C. difficile is a bacterium that can cause infection with symptoms ranging from diarrhea to deadly colon damage. It spreads quickly via its hard-to-kill spores and commonly infects vulnerable populations, including the elderly, children, those taking antibiotics, and often, patients in hospitals or nursing homes. The bug is also persistent: 30 to 40% of those diagnosed with a C. difficile infection will likely get it again. There are currently no C. difficile vaccines available, and the main treatment for the infection is a lengthy course of antibiotics. However, because antibiotics also target beneficial bacteria in the gut microbiome, C. difficile often takes advantage of their absence, releasing toxins in the colon that allow C. difficile to prosper.
“Our approach was to create a multivalent mRNA vaccine that would attack multiple aspects of C. diff’s complex lifestyle simultaneously without affecting the normal microbiota,” said co-first author Mohamad-Gabriel Alameh, PhD, an assistant professor of Pathology and Laboratory Medicine at Penn and a senior principal scientist at Children’s Hospital of Philadelphia. “Antibiotics are not always an effective means of successfully treating really tough pathogens like C. diff, and we have only begun to scratch the surface of the full potential of mRNA vaccines for a host of infectious diseases.”
“Where most vaccines are spurring one’s immune system to create specific antibodies, mRNA vaccines were a perfect candidate for a C. difficile vaccine because they can be easily packaged up to elicit the immune system to do more than one thing to protect against a bacteria, virus, or fungus,” said study author and Nobel Laureate Drew Weissman, MD, PhD, the Roberts Family Professor in Vaccine Research at Penn whose work laid the foundation for the world’s first mRNA vaccines.
“C. diff can persist in multiple forms in the gut, including in biofilms and as an incredibly hardy spore, making it uniquely difficult to treat,” said Joseph P. Zackular, PhD, co-director of the Center for Microbial Medicine at CHOP and an assistant professor of Pathology and Laboratory Medicine at Penn. “This work represents how collaboration between vaccine researchers and basic scientists can transform new discoveries into potential therapeutics faster than ever before.”
Researchers used the mRNA-LNP vaccine platform, the same platform that gave us the highly effective mRNA COVID-19 vaccines. While many mRNA vaccines being studied are for viruses, this pioneering technology has broader applications than other vaccine designs, like inactivated vaccines. A successful C. difficile vaccine would mark a turning point in C. diff therapeutics research which has struggled to make breakthroughs for this challenging pathogen.

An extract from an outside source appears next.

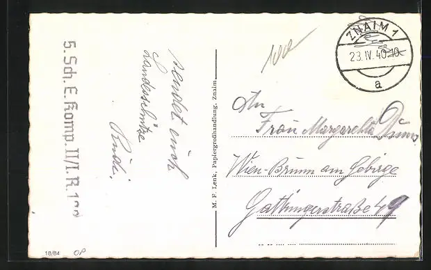 alte Ansichtskarte, gelaufen 1940 als Feldpost, guter Zustand

Previous vaccines, including a non-mRNA vaccine that was in clinical trials in 2022, did not meet the research threshold to be released to market. “mRNA-LNP vaccines have given us a new tool to take on complex bacterial infections, like C. diff, that are only becoming more of a problem with the rise of antimicrobial resistance” said Alexa Semon, co-first author of this study and a PhD candidate at Penn.

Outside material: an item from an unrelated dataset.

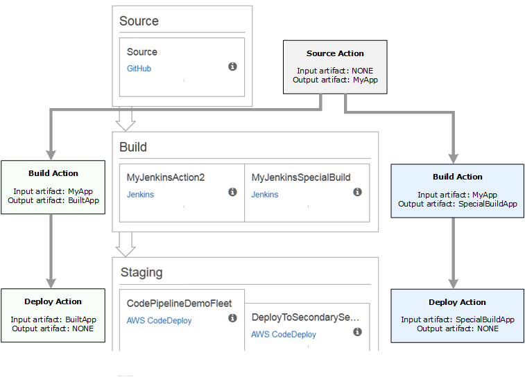 위처럼 빌드, 배포후 테스트나 승인에 거쳐 운영 환경에 배포되는 파이프라인도 가능하고

This research adds to the growing field of mRNA research in Philadelphia.. Penn has designed mRNA vaccines to prevent Lyme disease, norovirus, and herpes simplex virus 2. Penn is also studying how mRNA can treat sickle cell disease, deadly food allergies, and even cancer among other diseases. CHOP is developing novel ionizable lipids and biomaterials for vaccine and gene therapy applications in perinatal and pediatric medicine, expanding on the successes of the mRNA-LNP platform, studying mRNA vaccines and therapeutics that can be used to treat glycogen storage disease type 1a (GSD1a) and Isolated Methylmalonic Acidemia, as well as continued research into various difficult-to-treat forms of cancer and bacterial infection.